BEGIN Recorded data
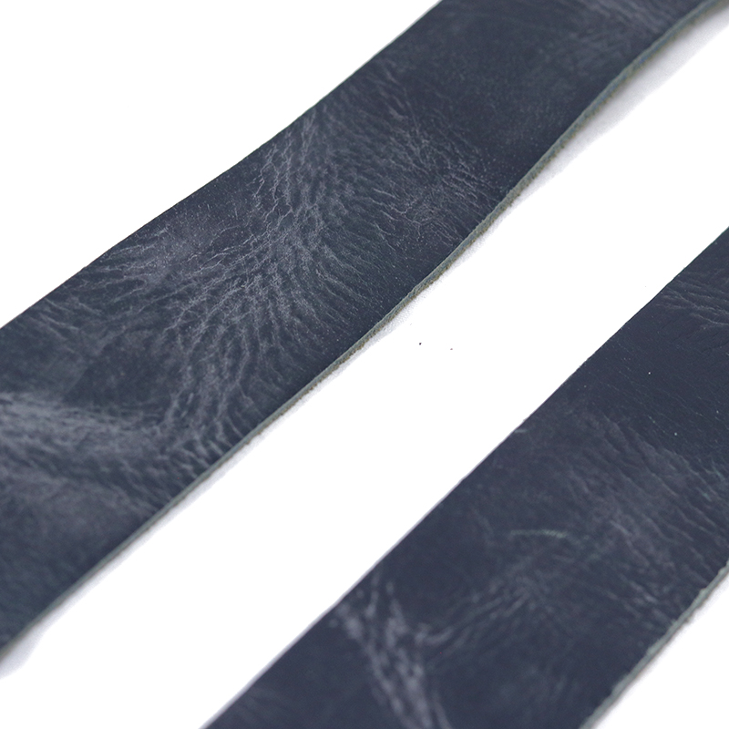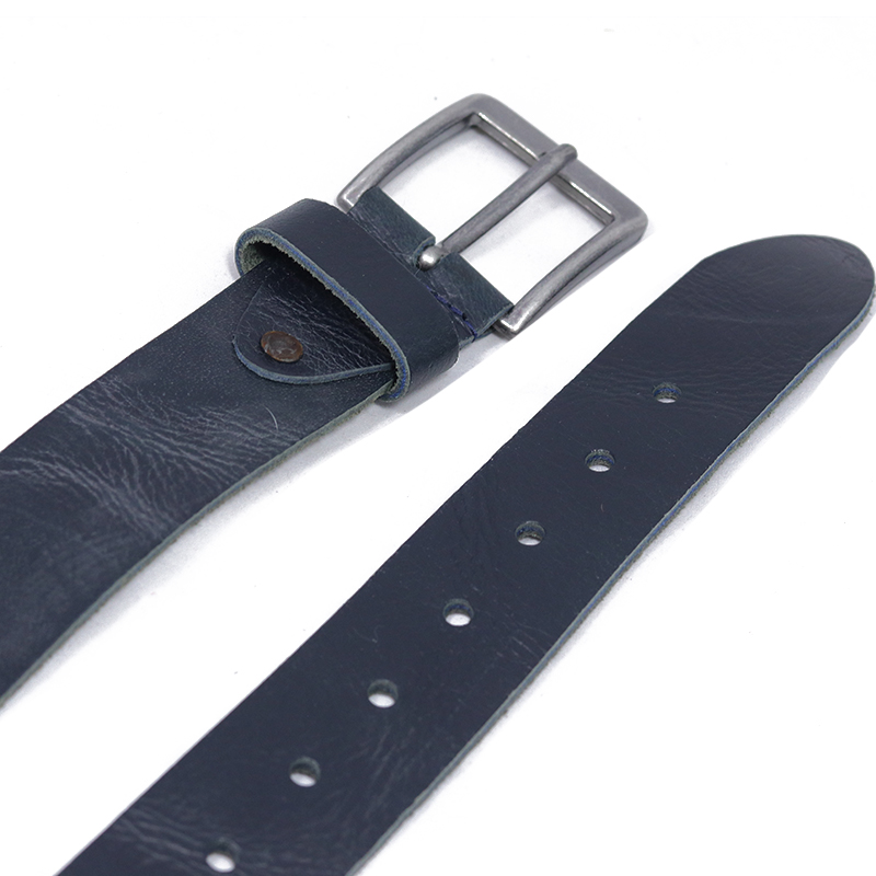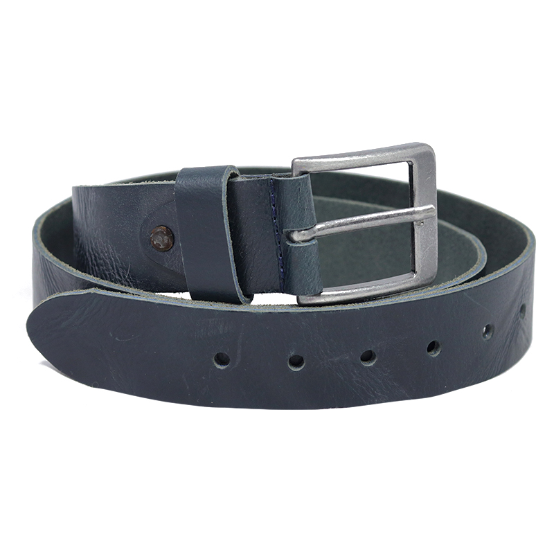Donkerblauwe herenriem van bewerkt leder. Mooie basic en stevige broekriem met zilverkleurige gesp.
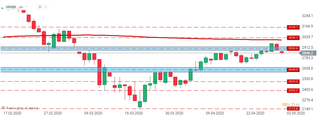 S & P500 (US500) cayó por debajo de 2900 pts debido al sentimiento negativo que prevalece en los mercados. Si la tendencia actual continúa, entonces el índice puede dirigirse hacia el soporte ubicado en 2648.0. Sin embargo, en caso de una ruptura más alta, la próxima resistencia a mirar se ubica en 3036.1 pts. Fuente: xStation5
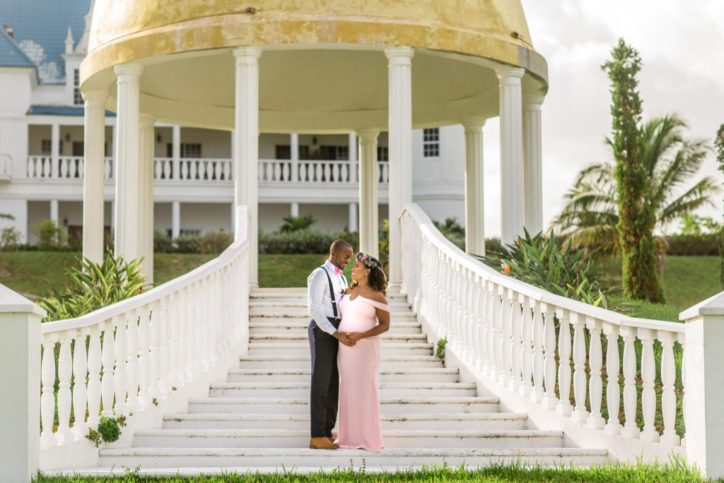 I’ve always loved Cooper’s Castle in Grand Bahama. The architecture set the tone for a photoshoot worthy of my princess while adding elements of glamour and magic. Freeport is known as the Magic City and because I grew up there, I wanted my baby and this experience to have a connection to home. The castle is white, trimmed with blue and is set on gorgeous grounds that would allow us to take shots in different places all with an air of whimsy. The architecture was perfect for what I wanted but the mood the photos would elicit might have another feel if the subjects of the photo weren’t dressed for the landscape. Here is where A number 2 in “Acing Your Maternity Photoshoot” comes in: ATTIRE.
END Recorded data
Problem description -> What you print must be exactly the lines from the one containing "S & P500 (US500)" through the last line of the material, and no pictures.

The answer ->
 S & P500 (US500) cayó por debajo de 2900 pts debido al sentimiento negativo que prevalece en los mercados. Si la tendencia actual continúa, entonces el índice puede dirigirse hacia el soporte ubicado en 2648.0. Sin embargo, en caso de una ruptura más alta, la próxima resistencia a mirar se ubica en 3036.1 pts. Fuente: xStation5
 I’ve always loved Cooper’s Castle in Grand Bahama. The architecture set the tone for a photoshoot worthy of my princess while adding elements of glamour and magic. Freeport is known as the Magic City and because I grew up there, I wanted my baby and this experience to have a connection to home. The castle is white, trimmed with blue and is set on gorgeous grounds that would allow us to take shots in different places all with an air of whimsy. The architecture was perfect for what I wanted but the mood the photos would elicit might have another feel if the subjects of the photo weren’t dressed for the landscape. Here is where A number 2 in “Acing Your Maternity Photoshoot” comes in: ATTIRE.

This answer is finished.